2015 wird zum Rekordjahr der Rüstungsindustrie. Beliefert werden auch Problemstaaten am Golf.

Exportweltmeister ist man in Deutschland äußerst gerne, der Titel ist griffig und werbewirksam. Dass eine spezielle Branche dazu so einiges beiträgt, wird allerdings nicht so freimütig beworben: Die Deutschen stehen weltweit an vierter Stelle jener Nationen, die Kriegsgerät exportieren. Nur die USA, Russland und China, das sich im Vorjahr vor Deutschland schob, produzieren und verkaufen noch mehr Waffen.

Lukrative Lieferungen

Im Ranking 2015 könnte Deutschland möglicherweise wieder nach vorne rücken. Denn obwohl sich Berlin offiziell eine "restriktive Rüstungspolitik" auferlegt hat, wie Wirtschaftsminister und SPD-Chef Sigmar Gabriel stets betont, wurden heuer bereits Waffenlieferungen im Wert von 3,3 Milliarden Euro genehmigt – das ist in etwa gleich viel wie im gesamten Vorjahr. Addiert man noch die Kooperationsexporte mit anderen Staaten hinzu, liegt der Wert bei imposanten 6,35 Milliarden Euro.

Die Opposition schäumt. "Dramatisch und hochnotpeinlich" nennt der Linken-Abgeordnete Jan van Aken diese Zahlen, die grüne Abgeordnete Agnieszka Brugger wirft der Koalition vor, "mehr Wert auf die Interessen der Rüstungslobby als auf Menschenrechte und Frieden" zu legen. Problematisch daran ist nicht nur die Menge der gelieferten Panzer, Kriegsschiffe und automatischen Handfeuerwaffen, sondern vor allem deren Destinationen: Mehr als die Hälfte geht in Länder, die weder der EU noch der NATO angehören, also keine militärischen Verbündeten sind. Während die stets kritisierten Verkäufe nach Griechenland, die in den Jahren 2001 bis 2014 satte 2,1 Milliarden ausmachten, deutlich unter die Ein-Millionen-Grenze gefallen sind, stiegen die Exporte in den instabilen arabischen Raum und nach Nordafrika besonders stark. Ihr Wert hat sich mit 587 Millionen mehr als verdoppelt.

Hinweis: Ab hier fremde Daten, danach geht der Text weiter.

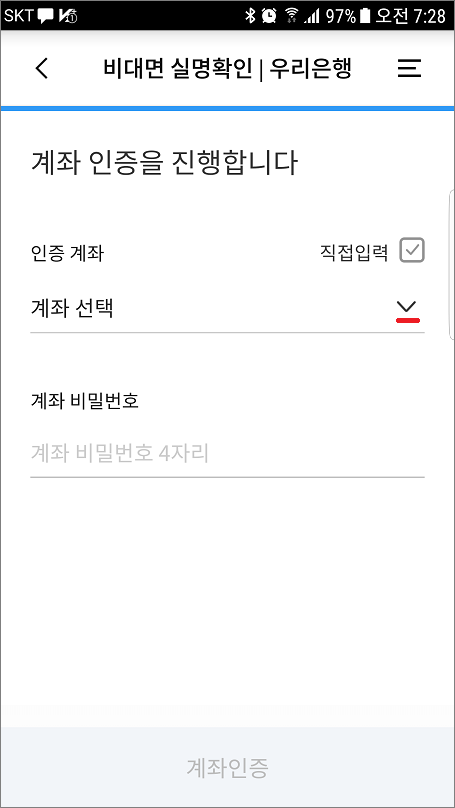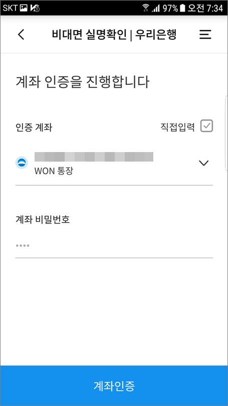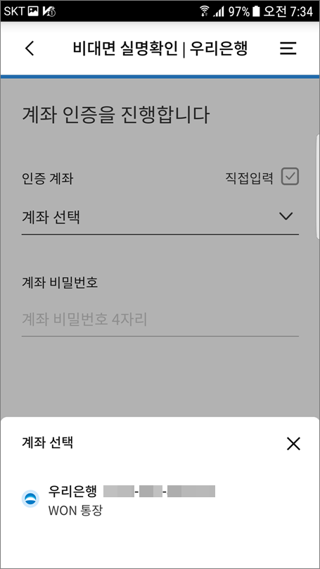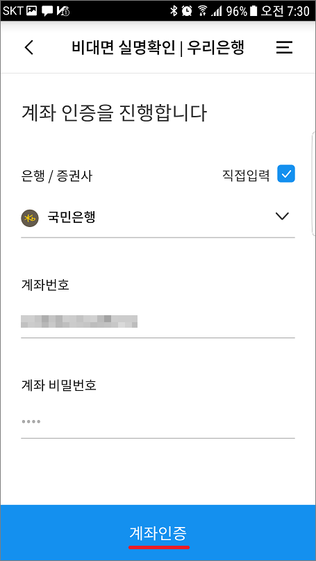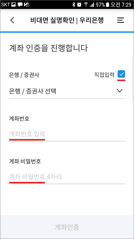 ⑥. 계좌통합관리서비스를 이용하지 않을 경우는 직접입력 체크하고 계좌번호, 계좌비밀번호 입력합니다.

Besonders kauffreudig zeigten sich in der reichen Golfregion Katar und Saudi-Arabien. Das Herrscherhaus in Riad steht gar an dritter Stelle jener Staaten, die von deutschen Unternehmen beliefert werden – nur Großbritannien und Israel kaufen mehr deutsche Waffen.

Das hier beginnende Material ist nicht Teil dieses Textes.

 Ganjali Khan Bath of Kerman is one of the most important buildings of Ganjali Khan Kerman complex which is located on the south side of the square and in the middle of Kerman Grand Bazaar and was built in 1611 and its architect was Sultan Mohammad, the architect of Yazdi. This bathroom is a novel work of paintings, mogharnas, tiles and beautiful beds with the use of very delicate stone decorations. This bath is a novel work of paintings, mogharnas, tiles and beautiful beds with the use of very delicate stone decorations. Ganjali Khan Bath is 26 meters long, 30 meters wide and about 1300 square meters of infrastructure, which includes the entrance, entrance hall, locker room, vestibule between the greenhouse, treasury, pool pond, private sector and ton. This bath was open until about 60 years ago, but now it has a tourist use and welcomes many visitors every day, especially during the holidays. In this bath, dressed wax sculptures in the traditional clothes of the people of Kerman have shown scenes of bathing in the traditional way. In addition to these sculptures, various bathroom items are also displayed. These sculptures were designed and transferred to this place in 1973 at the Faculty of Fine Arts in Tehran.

Umstrittene Waffen für Saudi-Arabien

Menschenrechtler bezweifeln jedoch, dass die Ausfuhr deutscher Rüstungsgüter an die Saudis auch rechtlich korrekt ist. Denn dass das autoritär regierende Herrscherhaus Hilfe bei der Niederschlagung der Demokratiebewegung im Nachbarland Bahrain geleistet habe, wäre bei strenger Auslegung der Richtlinien ein Verbotsgrund. Berlin sieht das nicht so: Man liefere jetzt und in Zukunft keine Panzer, heißt es aus dem Ministerium. Alle Waffen seien nur defensiv einsetzbar.

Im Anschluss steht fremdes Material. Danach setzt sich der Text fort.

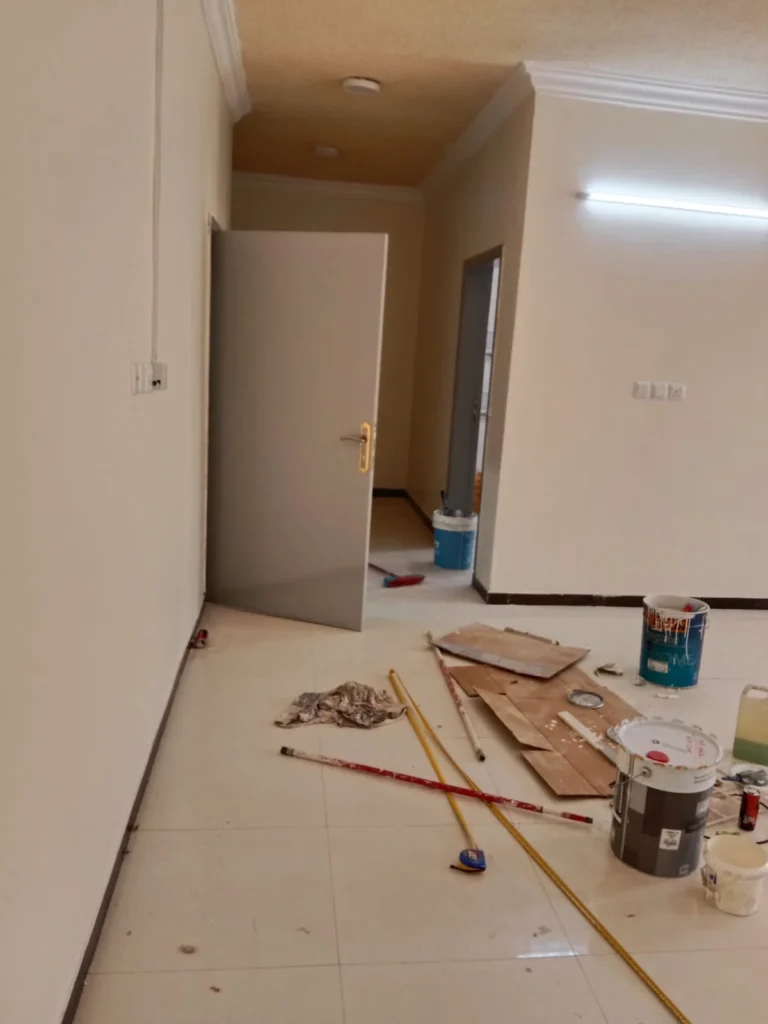 - دهان الأبواب الخشبية والحديدية بجودة عالية وتناسق مع ألوان الجدران.

Die Opposition fordert dennoch einen Stopp der Waffenlieferungen an Riad. Ein Wunsch, den Gabriel auch aus seiner SPD hört: Seit geraumer Zeit steht er wegen seines wirtschaftsfreundlichen Kurses in der Kritik; dass er seine zurückhaltende Rüstungspolitik – er selbst sprach vom "Geschäft mit dem Tod", das es zu bändigen gelte – nun lockert, irritiert die Genossen zunehmend.

Gabriels Koalitionspartner hingegen stört dessen Haltung weniger. CDU und CSU vertreten die Meinung, dass man Riad unterstützen müsse, um Stabilität in die Region zu bringen – auch mittels Waffenexporten.